Transliteration of lyrics:

B’ruchah haba’ah b’sheim Havayah.
Mi zot hanish’kafah k’mo-shachar yafah chal’vanah barah kachamah?

Translation:

Blessed is she who comes in the name of Becoming!
Who is she who shines through like the dawn, beautiful as the moon, radiant as the sun?

Songs evolve. So do people. So does God. Eheyeh asher eheheh – “I will be what I will be” (Exodus 3:14) When Moses asks God for God’s name, the answer is cryptic, fluid, perhaps not a name at all. We talk about having a covenant with God, and yet there have been many – Adam and Chavah’s, Noah’s, Abraham’s, Jacob’s, the event at Sinai, the two tablets, new and renewed commitments through the books of the prophets, and different Jewish movements and communities reimagining and renewing Judaism in our own times. God is timeless and ever-present, yet always changing and Becoming; the world is made new each day. Made in the image of God, we, too, are always Becoming. Just as our relationship with God is constantly changing, human relationships are constantly subject to re-negotiation, re-definition, renewed contracting and commitment. Zeh sh’mo l’olam (Ex. 3:15) – this constantly changing, indefinable God tells Moses, ‘this is my name forever’. Identity is always shifting, and yet enduring enough to be  recognisable.

When we welcome a new child into the world, and into our Jewish family, we are especially attuned to infinite, unknown possible futures for this child, lovingly watched over by the God of Becoming. And so, in this song, at one moment in the child’s journey of becoming, we invoke Havayah, the essence of Becoming.

I have used the feminine form of the verb ‘to come’, replacing the masculine form in Ps 118:26 that is often used as the opening sentence at weddings, to make it suitable for a blessing for a baby girl. And when I originally wrote the song, I still used the word Adonai as the substitute for the unpronounceable Hebrew yud-heh-vav-heh name of God. But Adonai is masculine, fixed, usually translated as ‘Lord’ – clearly not the right word to use in this song. Working on the music team of the ‘All Our Voices’ project at Reclaiming Judaism, it became very clear to me that my song needed to evolve to its current lyric.
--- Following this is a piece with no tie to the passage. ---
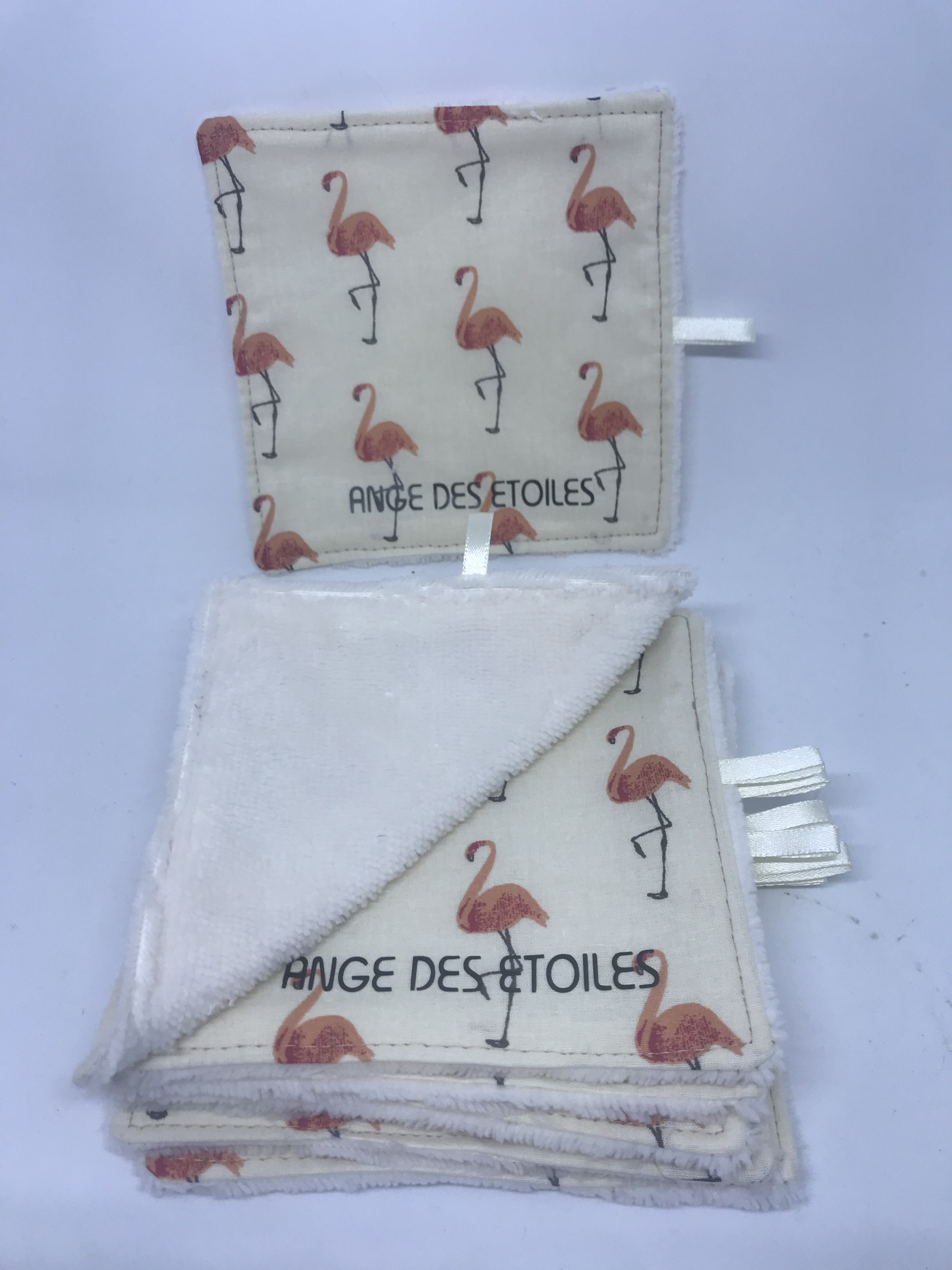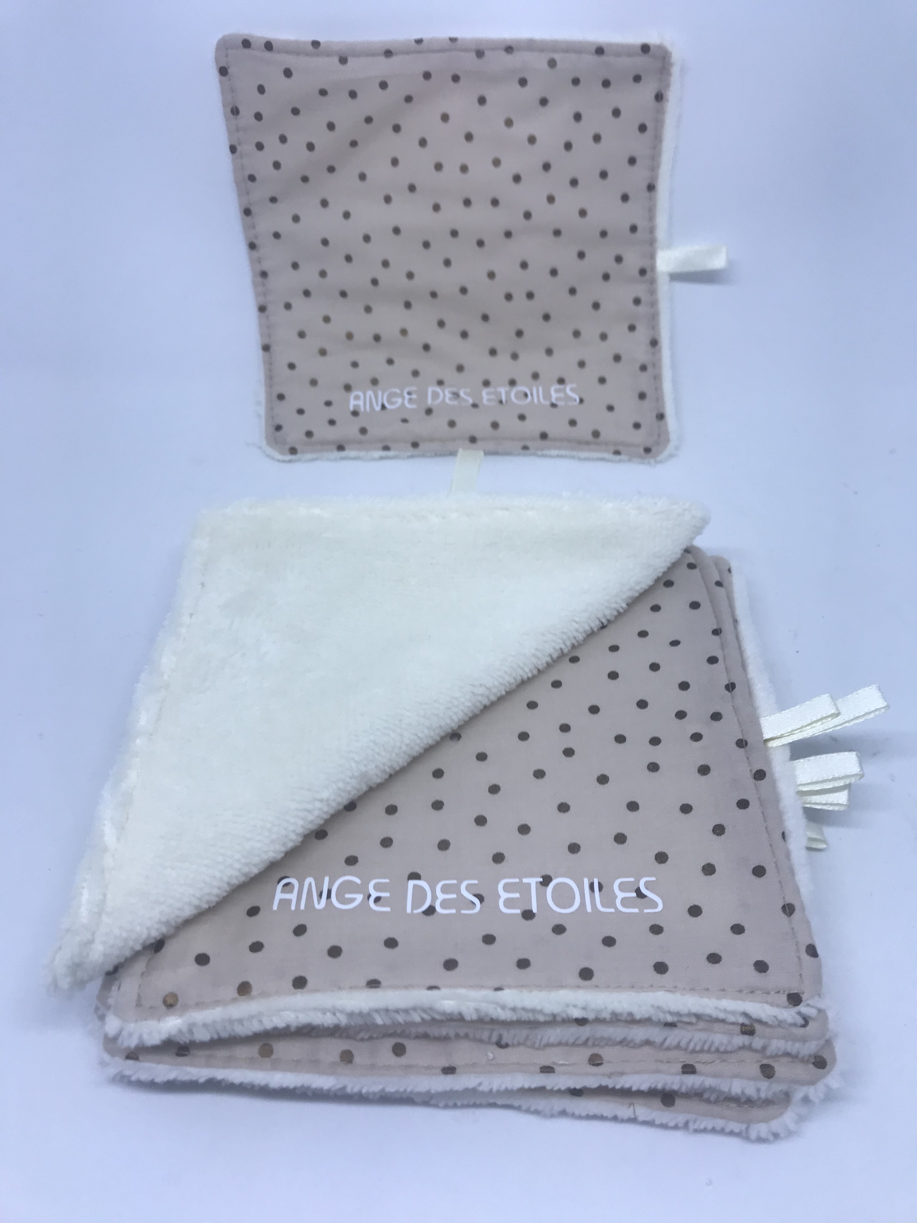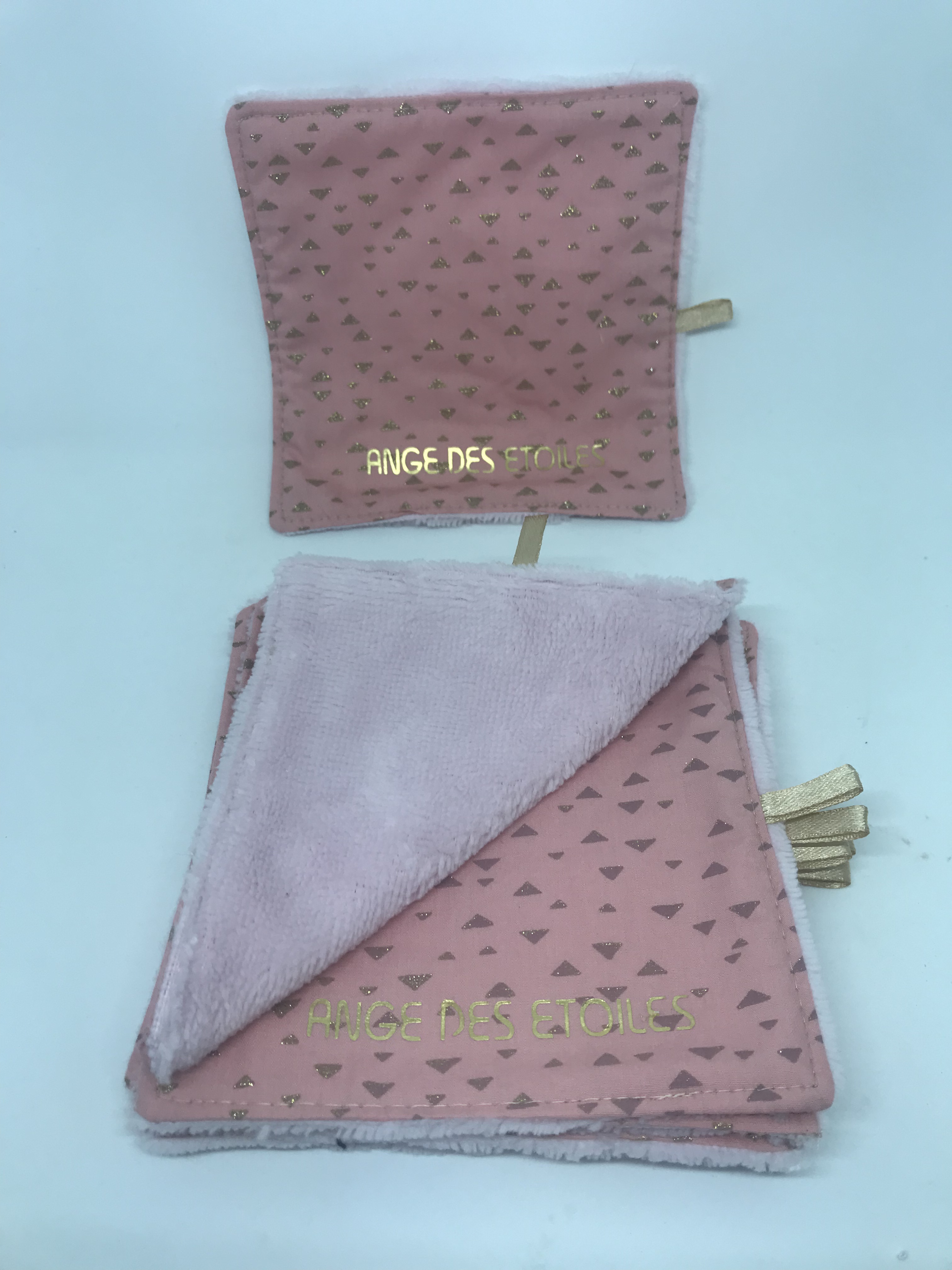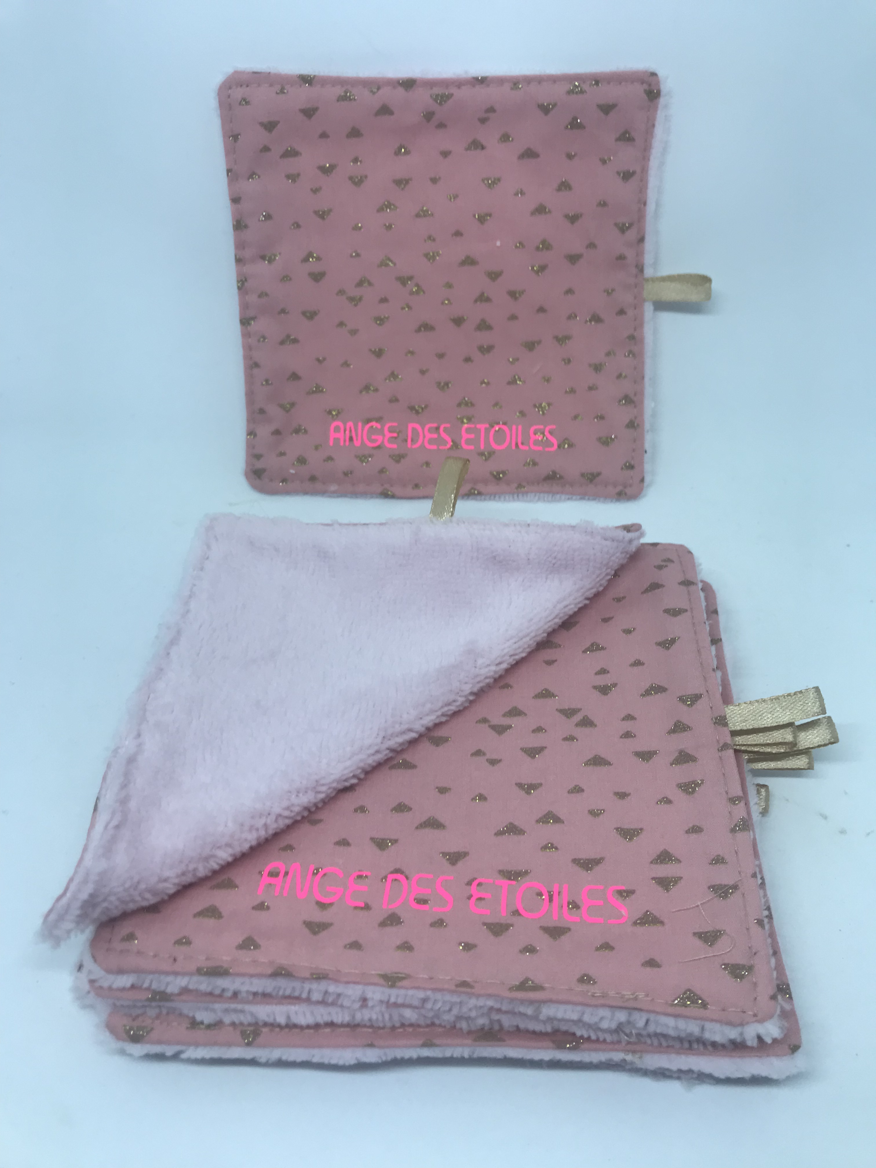 7 carrés éponges bio rose, tissu coton bio motif étoiles

I composed this for the birth of the daughter of my friends of mine. The first section came to me on the morning of the baby blessing, two days after the little girl was born; there wasn’t much time to prepare! The tune is deliberately very simple, as I wanted the congregation to be able to pick it up and join in after hearing it just once, which is what happened on the song’s very first outing. The repeated musical motif is intended to feel like a gentle lullaby call. The second section (Mi zot …) was written later that evening. The second line comes from Song of Songs (6:10), and is recommended for a baby girl’s blessing in Cohen, Debra Nussbaum (2001) Celebrating your new Jewish daughter: creating Jewish ways to welcome baby girls into the covenant, Jewish Lights Publishing. It is a beautiful, joyful sentiment, and can also be sung at a bat mitzvah. The song can used in its totality, but it also works if just the first section is used. This song could also be used for a wedding, either to address the bride in the opening processional, or to address both brides in the case of a wedding of two women – celebrating the constant ‘becoming’ of relationship.